In the region, there are customary and religious means of governing by consent. That is the phrase we should adopt rather than the loosely used word “democracy”, as the noble Lord has already reminded us. In the joint declarations between Afghanistan and the UK, and between Afghanistan and the European Union, there is a welcome commitment to develop parliamentary institutions in that country, but how will it be done? What kind of development will there be? The convening of the Loya Jirgah, reformed to include women, was a good start in using a customary institution to promote government by consent. Will such sensitivity continue to be shown in the further development of a participatory system in Afghanistan as the national assembly and the provincial assemblies are developed? What about Iraq? As I have said previously in this House, both religious and customary practices—such as baia, the recognition of a ruler’s legitimacy, and shura, a process of participatory consultation—can be developed here to provide continuity. In the past, the Government have always responded to such suggestions to use custom and religious institutions by saying that the Iraqi people are free to have the form of government that they want. But do we not have a responsibility for taking history, custom and faith seriously as partners, for better or for worse, in this dialogue?

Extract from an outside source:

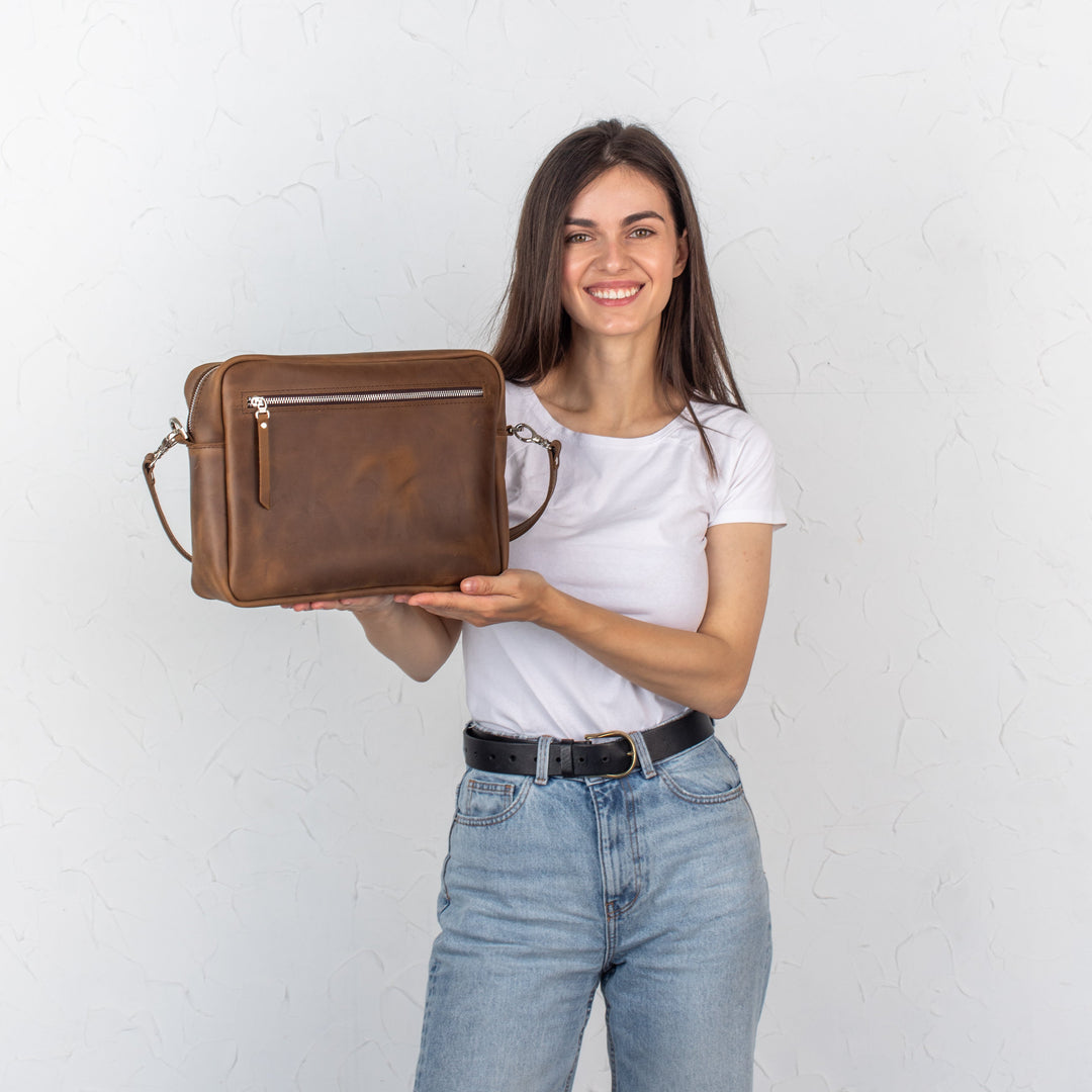 This is a leather crossbody bag with a classic design, crafted from high-quality genuine leather.

In the relationship with Iran, we have to be aware of the complexity of Irani society. We do not have the political and social monolith of Saddam Hussein’s Iraq. It is quite possible to continue dialogue with sections of even the ulema—they were referred to as mullahs recently, but no matter—academics, prominent politicians and government officials, and even to discuss, as has been said, the possibility of a modern civilian nuclear industry, as with the P5+1 proposals, as well as Iran’s genuine security worries, without in any way condoning internal oppression or external aggression and condemning in no uncertain terms any threats to destroy the state of Israel. Their great poet, Firdausi, who wrote a book on the politics of kings long ago, said that,

hundreds of words do not compare with half a good deed. Iran needs to show, by word and by example, its peaceful intentions.